Goal of the exercise:
Reproduce exactly, with no pictures, each line from the opening of the material down through the line containing "(1) لسان العرب،".
-- Opening Marker --
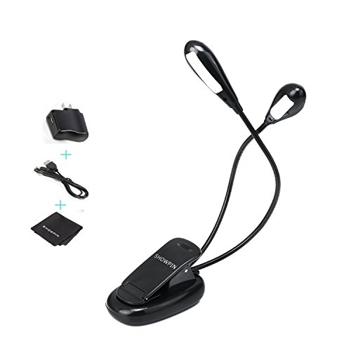 LED Reading Lamp Showpin Night Clip Book Light Dual Head Rechargeable 8 LED Portable Music Stand Light,Easy Clip On Bed,Dimmable Brightness Flexible USB Night Light,Christmas Gift for Kids, Bookworms
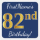 Adesivo Quadrado Azul, Faux Dourado 82º Aniversário + Nome Personal
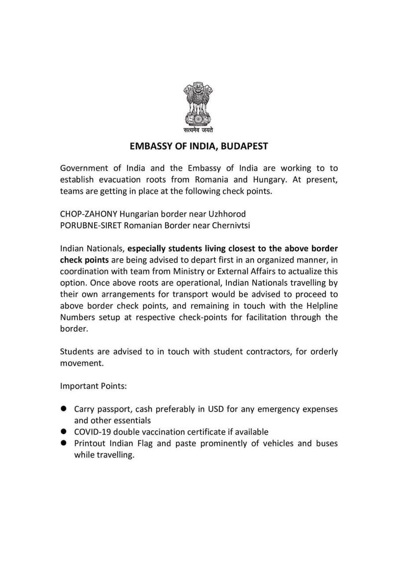 അതിർത്തികളിൽ എത്താനാണ് വിദ്യാർത്ഥികൾക്ക് അധികൃതർ നൽകുന്ന നിർദേശം. ഹംഗറി റൊമാനിയ അതിർത്തിയിൽ എത്താനാണ് നിലവിൽ നിർദേശം നൽകിയിരിക്കുന്നത്. അതിർത്തിക്കടുത്ത് താമസിക്കുന്നവർ ആദ്യം എത്തണം. സഹായം ആവശ്യമുള്ളവർ ഹെൽപ് ലൈൻ നമ്പറുകളിൽ വിളിക്കണം (ഹെൽപ് ലൈൻ നമ്പറുകൾ ഈ വാർത്തയുടെ ചുവടെ) അതിർത്തിയിലേക്ക് ചിട്ടയോടെ നീങ്ങണം. സ്റ്റുഡന്റ് കോൺട്രാക്റ്റർമാരെ ആവശ്യങ്ങൾക്ക് സമീപിക്കണം. പാസ്പോർട്ട് കയ്യിൽ കരുതണം. പണം യുഎസ് ഡോളറായി കരുതുന്നതാണ് നല്ലത്. കൊവിഡ് ഡബിൾ വാക്സിനേഷൻ സർട്ടിഫിക്കറ്റുണ്ടെങ്കിൽ അത് കയ്യിൽ കരുതണം. യാത്ര ചെയ്യുന്ന വാഹനത്തിൽ സ്വന്തം വസ്ത്രത്തിൽ എല്ലാം വളരെ വ്യക്തമായി, വലുപ്പത്തിൽ ഇന്ത്യൻ പതാക പിൻ ചെയ്യുകയോ ഒട്ടിക്കുകയോ ചെയ്യുക. സുരക്ഷ ഉറപ്പ് വരുത്താനാണിതെന്നും എംബസി അറിയിക്കുന്നു.
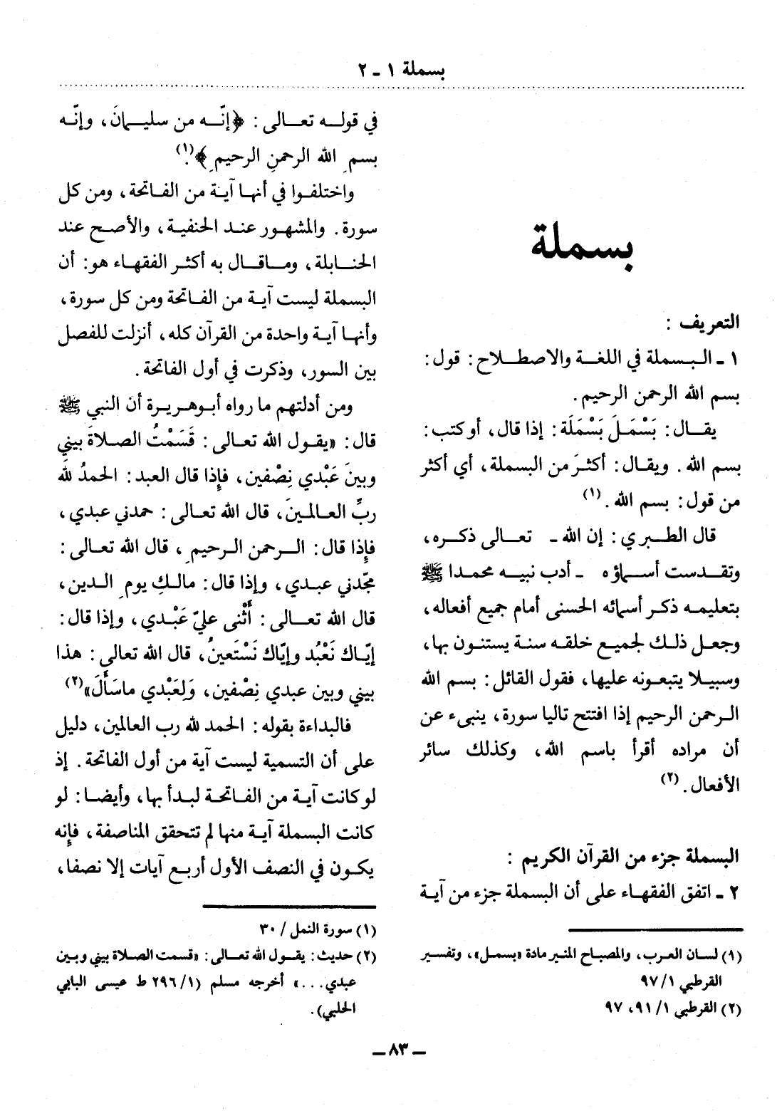 (1) لسان العرب، المصباح المنير مادة " بسمل "، وتفسير القرطبي 1 / 97.
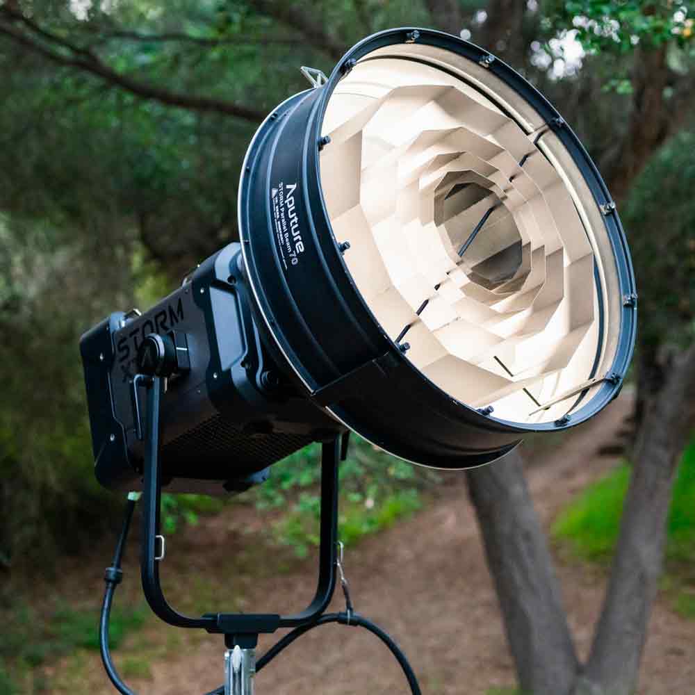 Le STORM Parallel Beam 70 d’Aputure est un modificateur optique professionnel de 70 cm, conçu pour projeter une lumière dure et ultra concentrée sur de longues distances. Grâce à son angle de diffusion extrêmement étroit de 5°, il est parfaitement adapté aux besoins des productions cherchant une source lumineuse intense et dirigée, que ce soit en studio ou sur plateau.
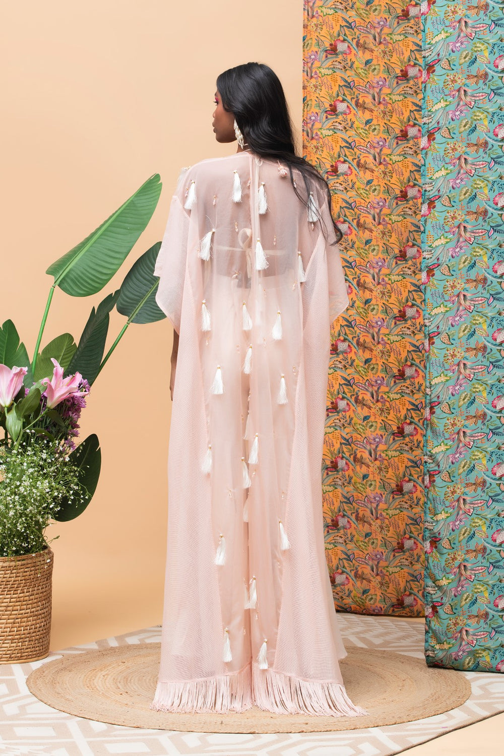 Featuring fully embroidered bralet with tassels at back & embellished cape with multi Different tassels and fringes.
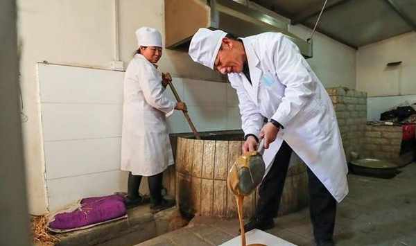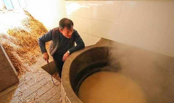 完成前期準備工作,就可以將麥芽和小米放入缸中發酵瞭。4小時後,註入開水,將糖汁沖下。“這些淋出的褐色糖水,決定著拉板糖最終的產量。”王讓民指著盛滿水的鐵盆說。
-- Closing Marker --
Answer for the task:
 LED Reading Lamp Showpin Night Clip Book Light Dual Head Rechargeable 8 LED Portable Music Stand Light,Easy Clip On Bed,Dimmable Brightness Flexible USB Night Light,Christmas Gift for Kids, Bookworms
 Adesivo Quadrado Azul, Faux Dourado 82º Aniversário + Nome Personal
 അതിർത്തികളിൽ എത്താനാണ് വിദ്യാർത്ഥികൾക്ക് അധികൃതർ നൽകുന്ന നിർദേശം. ഹംഗറി റൊമാനിയ അതിർത്തിയിൽ എത്താനാണ് നിലവിൽ നിർദേശം നൽകിയിരിക്കുന്നത്. അതിർത്തിക്കടുത്ത് താമസിക്കുന്നവർ ആദ്യം എത്തണം. സഹായം ആവശ്യമുള്ളവർ ഹെൽപ് ലൈൻ നമ്പറുകളിൽ വിളിക്കണം (ഹെൽപ് ലൈൻ നമ്പറുകൾ ഈ വാർത്തയുടെ ചുവടെ) അതിർത്തിയിലേക്ക് ചിട്ടയോടെ നീങ്ങണം. സ്റ്റുഡന്റ് കോൺട്രാക്റ്റർമാരെ ആവശ്യങ്ങൾക്ക് സമീപിക്കണം. പാസ്പോർട്ട് കയ്യിൽ കരുതണം. പണം യുഎസ് ഡോളറായി കരുതുന്നതാണ് നല്ലത്. കൊവിഡ് ഡബിൾ വാക്സിനേഷൻ സർട്ടിഫിക്കറ്റുണ്ടെങ്കിൽ അത് കയ്യിൽ കരുതണം. യാത്ര ചെയ്യുന്ന വാഹനത്തിൽ സ്വന്തം വസ്ത്രത്തിൽ എല്ലാം വളരെ വ്യക്തമായി, വലുപ്പത്തിൽ ഇന്ത്യൻ പതാക പിൻ ചെയ്യുകയോ ഒട്ടിക്കുകയോ ചെയ്യുക. സുരക്ഷ ഉറപ്പ് വരുത്താനാണിതെന്നും എംബസി അറിയിക്കുന്നു.
 (1) لسان العرب، المصباح المنير مادة " بسمل "، وتفسير القرطبي 1 / 97.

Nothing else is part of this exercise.